- WHAT THE TASK REQUIRES: Every line below that includes the word "with" needs to be copied.

- EXTRACTED ENTRIES:
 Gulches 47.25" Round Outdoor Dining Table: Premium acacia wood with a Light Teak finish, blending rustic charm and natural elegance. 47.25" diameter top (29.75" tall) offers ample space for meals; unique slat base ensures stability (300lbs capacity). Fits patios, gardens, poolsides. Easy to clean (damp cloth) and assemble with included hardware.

...

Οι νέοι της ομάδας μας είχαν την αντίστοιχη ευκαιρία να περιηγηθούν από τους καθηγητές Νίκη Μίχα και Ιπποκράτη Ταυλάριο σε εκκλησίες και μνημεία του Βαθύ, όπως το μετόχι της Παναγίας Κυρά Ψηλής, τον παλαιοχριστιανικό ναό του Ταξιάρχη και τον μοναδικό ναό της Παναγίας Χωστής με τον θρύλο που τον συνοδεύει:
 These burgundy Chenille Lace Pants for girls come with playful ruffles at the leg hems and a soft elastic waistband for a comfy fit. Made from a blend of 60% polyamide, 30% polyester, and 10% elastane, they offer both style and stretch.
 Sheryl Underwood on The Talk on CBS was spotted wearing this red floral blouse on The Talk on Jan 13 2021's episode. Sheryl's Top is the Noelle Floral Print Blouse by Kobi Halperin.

- RESPONSE FOR THIS EXERCISE:
 Gulches 47.25" Round Outdoor Dining Table: Premium acacia wood with a Light Teak finish, blending rustic charm and natural elegance. 47.25" diameter top (29.75" tall) offers ample space for meals; unique slat base ensures stability (300lbs capacity). Fits patios, gardens, poolsides. Easy to clean (damp cloth) and assemble with included hardware.
 These burgundy Chenille Lace Pants for girls come with playful ruffles at the leg hems and a soft elastic waistband for a comfy fit. Made from a blend of 60% polyamide, 30% polyester, and 10% elastane, they offer both style and stretch.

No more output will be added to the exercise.